Gazze’deki statükonun ilanihaye sürdürülmesi mümkün değildi. Üstelik İsrail eş zamanlı olarak Batı Şeria’daki işgalini de derinleştiriyor ve ilhak plânları yapıyor, Kudüs’ü Arapsızlaştırma çabalarını hızlandırıyor ve Mescid-i Aksa’nın kutsallığını çiğniyor, çıkardığı yeni kanunlarla 1948 sınırları içinde yaşayan Filistinli Araplar üzerindeki apartheid baskısını arttırıyordu. Tüm bu çabalarında birkaç sözlü çıkış dışında dünyadan hiçbir tepki ve engelle karşılaşmayan İsrail, bir yandan da bölgenin yeni keşfedilen doğalgaz kaynaklarına el koymak için bir yol haritası geliştiriyordu. Arap rejimleri ise yarım asırlık utanç verici duruşlarını yeni bir boyuta taşıyarak, birer birer normalleşme anlaşmaları imzaladığı İsrail’le ikili ve çoklu işbirliklerine girişiyordu. Filistin boğuluyor, Filistin halkı ve davası unutuluyor ve gündemden düşürülüyordu.
İşte Aksa Tufanı tüm bu koşullarda başladı. Mısır ve Suriye’nin İsrail’e sürpriz bir saldırı düzenlediği 1973 tarihli Yom Kippur Savaşı’nın ellinci yıldönümünde, direniş güçleri sınırı aşarak İsrail güçlerine bir dizi saldırı düzenledi, hatta bir süreliğine bazı bölgelerin kontrolünü ele geçirdi.
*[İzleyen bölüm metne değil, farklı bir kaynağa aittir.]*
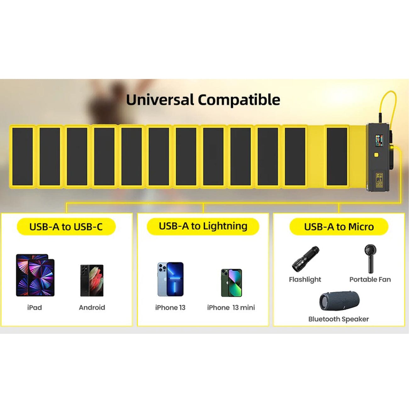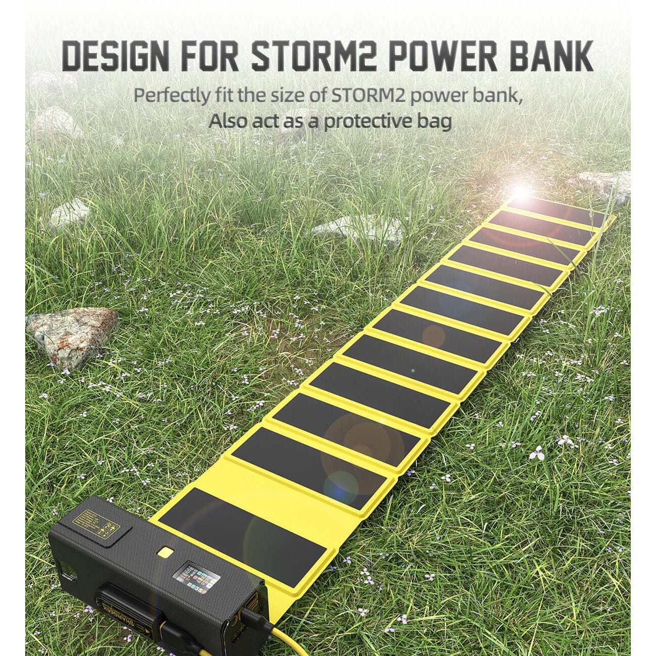 Built specifically for outdoor enthusiasts, the Storm 2 Solar Panel fits perfectly on your Storm 2 power bank source, protects your Storm 2 well, and converts sunlight into electricity to be stored in your power bank. With solar panels available wherever there is sunlight, you can get rid of the anxiety about the power of your mobile device. You can use it to charge not only your power bank, but also your cell phone, flashlight and other devices. The 12 foldable solar panels receive energy over a wide area, providing you with a maximum output of 12W and charging 12 times faster than a single panel. The foldable solar panels make it easy to carry and compact.

Dünya medyasının iddia ettiğinin aksine, 7 Ekim saldırılarında ölenlerin 373’ü asker ve istihbarat görevlisiydi ve bunların önemli bir kısmı Gazze’yi en iyi bilen birimlerdendi. 695 sivilin ise önemli bir bölümü İsrail ordusunun açtığı ateşle ölmüştü. Nitekim kısa süre içinde ortaya çıkan çok sayıda video görüntüsü ve tanıklık, saldırının şokunu yaşayan İsrail ordusunun Hannibal Direktifi’ni uygulamaya soktuğunu göstermektedir. Bu direktife göre ne pahasına olursa olsun ve bedeli ne olursa olsun İsraillilerin düşman bir güç tarafından esir alınmasına izin verilmemelidir. Bu sebeple İsrailli askerleri ve yerleşimcileri esir almaya çalışan direniş unsurları makineli tüfeklerle, helikopter atışlarıyla taranmış, hatta direnişçilerin ilerlediği kibbutzlar tanklarla vurulmuş, bu büyük çaplı eylemler neticesinde Hamas üyeleriyle birlikte yüzlerce İsrailli de ölmüştür.
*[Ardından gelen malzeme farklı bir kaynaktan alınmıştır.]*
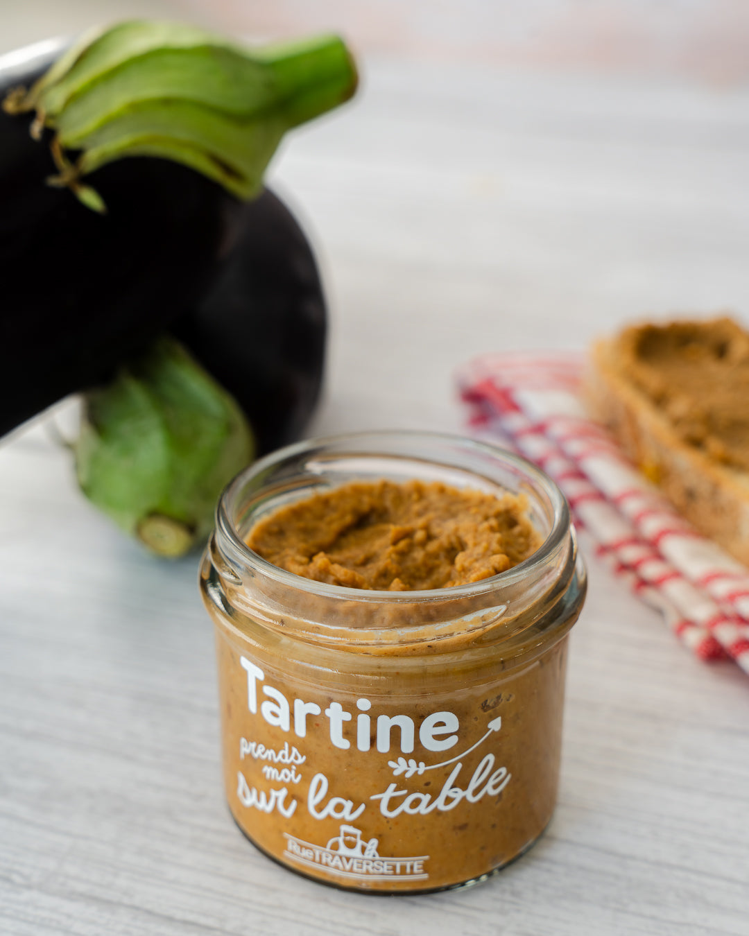 Aubergine (81%), huile de colza, olive noire (6%), vinaigre d'alcool blanc, sel, oignon, paprika doux, ail, poivre noir, piment d'Espelette

İsrail’in yanıtı: soykırım
Hannibal Direktifi’nin uygulanmasına rağmen direniş güçleri, aralarında üst düzey subayların da olduğu iki yüzden fazla İsrailliyi esir alarak Gazze’ye götürmeyi başardı. Amaç İsrail’i bir esir takasına zorlamaktı; nitekim Aksa Tufanı’nı doğuran faktörlerden biri de İsrail’in keyfi ve kitlesel tutuklamalarıyla hapishanelerin binlerce Filistinliyle doldurulmuş olmasıydı. Ne var ki Netanyahu liderliğindeki İsrail yönetimi ilk saatlerden itibaren Gazze’ye tüm gücüyle saldırma yoluna gitti ve apaçık bir şekilde, kendi vatandaşlarını da gözden çıkardı. İşgal ordusunun Gazze’de “insansı hayvanlarla” savaştığı söylendi ve bazı Tevrat ayetlerine de referansla, Gazze’nin içindeki herkesi ve her şeyi yok etme isteği ve yönelimi açıkça ortaya konuldu.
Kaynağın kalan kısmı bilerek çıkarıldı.